The same shape applies to tools: a ToolError raised inside a tool body becomes a tool.responded event with error.reason set, and the calling behavior's loop reads the structured failure and decides what to do.

The same shape applies to budget exhaustion: when a max_* limit is hit, the runtime emits runtime.budget_exhausted with the dimension in the payload and stops gracefully. No exception escapes to your code — you read the event from runtime.status() or from the trace.

When exceptions are the right answer

Exceptions are for failures the caller is making right now, at this line of code, and can reasonably catch:

  • Constructing a runtime with conflicting arguments (InvalidRuntimeConfiguration)
  • Looking up a behavior or tool that isn't registered (BehaviorNotFoundError, ToolNotFoundError)
  • Passing a malformed store URL (InvalidStoreURL)
  • Replaying a run whose recorded event stream doesn't match the live re-run (ReplayDivergenceError)
  • Calling runtime.approve(id) on an id that doesn't exist (ApprovalNotFoundError)

These all interrupt the call. The caller catches the exception, fixes the input, and tries again. There's no audit-trail entry to preserve because the call never produced one.

The exception hierarchy

Every framework exception inherits from ActiveGraphError. Seven categories live one level down:

ActiveGraphError
├── ConfigurationError      construction-time / API-call argument errors
├── RegistrationError       behavior/tool/pack registration problems
├── ExecutionError          runtime execution problems (escaped to the caller)
├── ReplayError             replay/fork divergence
├── StorageError            persistence problems
├── PatternError            pattern subscription syntax errors
└── PackError               pack-specific runtime problems

Catch ActiveGraphError to catch every framework exception. Catch a category base to catch every leaf in that category. Catch a specific leaf when the recovery is leaf-specific.

The category leaves also multi-inherit from Python builtins where it preserves existing catch sites: EventNotFoundError is also a KeyError, InvalidStoreURL is also a ValueError, etc. Existing code catching the builtin keeps working; new code can catch the category for richer context.

The structured event types

behavior.failed, tool.responded (with error), runtime.budget_exhausted, approval.denied — each carries a reason field with a stable discriminator code so downstream code can branch on the failure mode without parsing prose. The codes are documented in Reference: Events.

"When in doubt, an event"

If you're writing a behavior and you're about to raise an exception because something downstream "should never happen," ask:

  • Can the caller reasonably catch and act on this?
  • Is the failure attributable to a specific event in the log?

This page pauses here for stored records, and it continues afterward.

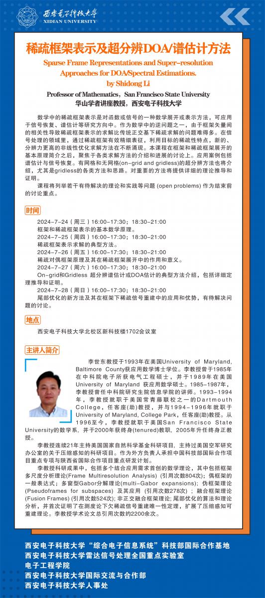 华山学者讲座教授李世东‖稀疏框架报告会2024-07-10 15:39:14浏览次数: 责任编辑:王洁 上一篇文章:2023年度第二批威尼斯9499登录入口昆山创新研究院产学研基金拟立项候选项目公示下一篇文章:威尼斯9499登录入口 2024 年暑假轮休值班表
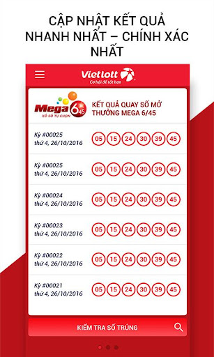 Ứng dụng sẽ giúp bạn cập nhật các sản phẩm mới nhất, cập nhật nhanh nhất, chính xác nhất giá trị giải Jackpot và kết quả quay số mở thưởng các sản phẩm xổ số tự chọn số điện toán. Ứng dụng cho phép bạn tra cứu kết quả vé số dự thưởng và tần suất xuất hiện của các bộ số cực nhanh chóng. Hoặc bạn cũng có thể tìm kiếm ngay các điểm bán hàng gần nhất với mình.
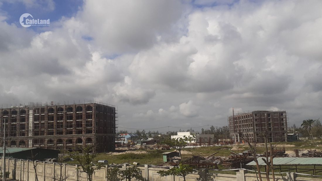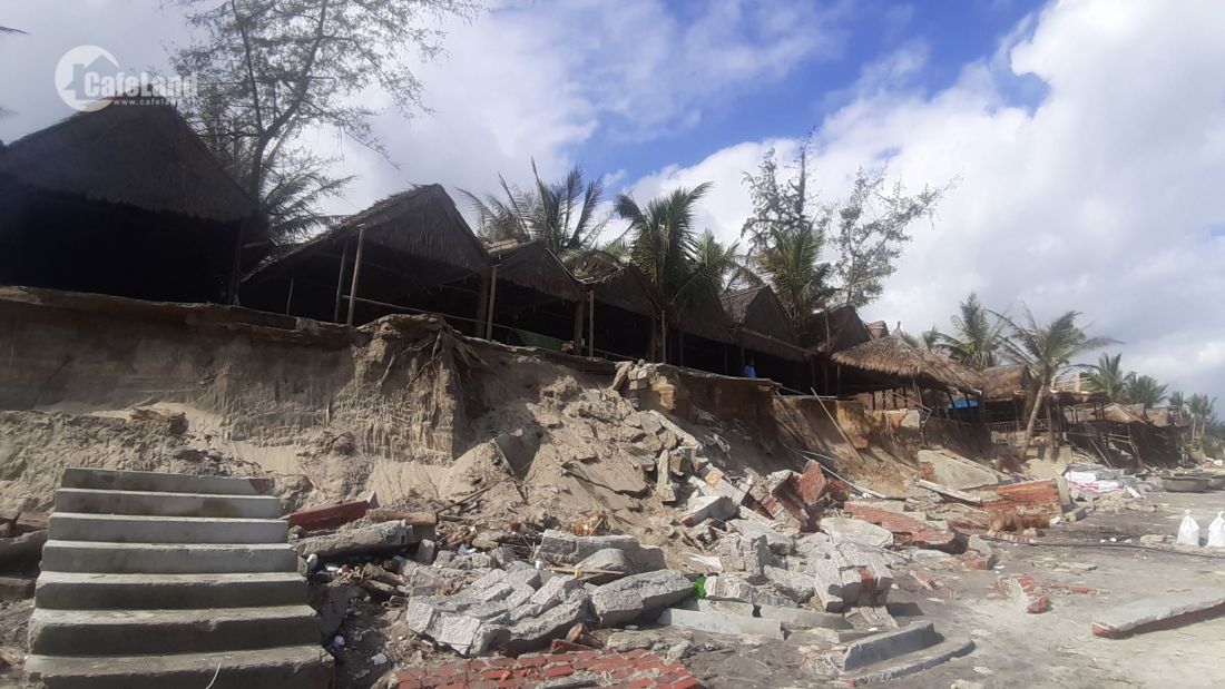 Bên cạnh dự án là hàng chục dãy nhà hàng biển tại bãi tắm An Bàng bị sóng đánh sập
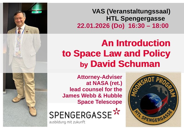 Die HTL Spengergasse hatte letzte Woche die außergewöhnliche Ehre, einen wahrhaft weltraumigen Gast begrüßen zu dürfen: David Schuman, ehemaliger leitender Rechtsberater der NASA, der sein faszinierendes Wissen unter dem Titel „Back to the Moon and Beyond: An Introduction to United States Space Law and Policy“ mit uns teilte. Der Vortragsraum war gefüllt mit einer spürbaren Energie – der Energie der Neugierde und der Begeisterung für die finalen Grenzen.

If the answer to the first is "no" and the answer to the second is "yes," emit an event instead. The audit trail is the durable record; exceptions are just the runtime's way of refusing the current call.

This rule is what kept BehaviorFailedError and BudgetExhaustedError out of the framework's exception hierarchy. Both were considered during the v1.0 error-rewrite series and rejected because their information already lives in events. Adding them as exceptions would have surfaced two parallel failure surfaces — one in the trace, one in caller code — and the divergence is exactly the kind of subtle inconsistency that makes a framework feel unreliable six months in.